Il potere dei bolscevichi si configurerà anche come risposta a una catastrofe nazionale (e la
guerra con la Polonia nel 1920 anche come il farsi carico di una lunga eredità storica) e le vicende
del nazionalismo russo danno una chiave di lettura per la costruzione delle nazioni nell’Urss e per
il nazional-comunismo.

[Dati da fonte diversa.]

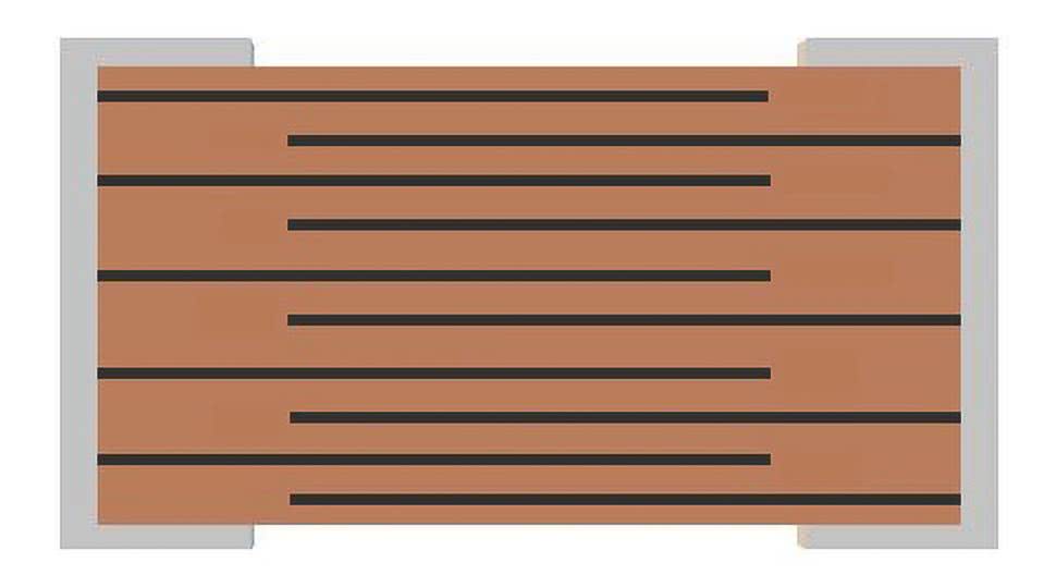 Budowa takiego kondensatora nie odbiega znacząco od tego, co poznaliśmy w szkole średniej – rysunek 5. Jednak klucz kryje się tutaj w dielektryku, który składa się z domen ferroelektrycznych. Pod wpływem zewnętrznej polaryzacji zaczynają się one ustawiać w jednym kierunku (przeciwnie do polaryzacji, zgodnie z prawem przyciągania elektrostatycznego), przez co ich pojemność maleje. Poza tym pojemność ta ma inną wartość, gdy zmienimy polaryzację napięcia przyłożonego do kondensatora, ponieważ nie wszystkie domeny się odwrócą – lecz nie jest to tak dotkliwy problem, jak zmiana pojemności pod wpływem napięcia. Może się okazać, że doskonale dobrany kondensator sprzęgający, o pojemności nominalnej np. 10 μF, tak naprawdę w rzeczywistym układzie ma tylko 2 μF… Kondensatory MLCC jako elementy odsprzęgające zasilanie są jak najbardziej w porządku, ale do samego sygnału analogowego lepiej ich nie dopuszczać. Dotyczy to zwłaszcza dielektryka X7R, który jest używany do budowy kondensatorów o największych pojemnościach. Po przeciwnej stronie barykady mamy dielektryk C0G, który z kolei wykazuje bardzo wysoką stabilność pojemności w funkcji napięcia, tyle że kondensatory zbudowane z jego użyciem osiągają niewielką pojemność, na ogół nie wyższą niż kilkanaście nanofaradów.

L’esperienza della catastrofe nazionale e il modo in cui era stata vissuta
nella società russa non potevano non segnare il nuovo potere e il suo confronto con la nazione
Le contaminazioni già rivelate dalla guerra tra il discorso della classe e quello della nazione,
concetti coesivi e non solo denotativi (anche per la comune possibilità di individuare un nemico per
mobilitarsi o semplicemente per spiegare quello che non funziona), non necessariamente
contraddittori, collocabili in diverse successioni storiche e interdipendenze, si sarebbero riprodotte
nella eredità e nella continuità con la guerra del nuovo potere bolscevico: come trasmissione di
strumenti e metodi per costruire la nazione (o lo “impero di nazioni”); come progressivo
accantonamento della tradizione cosmopolita del movimento rivoluzionario nella costruzione della
nazione e delle nazioni e come formazione di comunismi e comunisti nazionali (anche in molti altri
paesi entrati nella sfera d’influenza e di dominio dell’Urss dopo la seconda guerra mondiale la
questione sarebbe stata la risposta a una catastrofe nazionale); come riproposizione in nuove forme
di dilemmi di lunga durata, a cominciare da quello tra l’elemento russo e sovietico.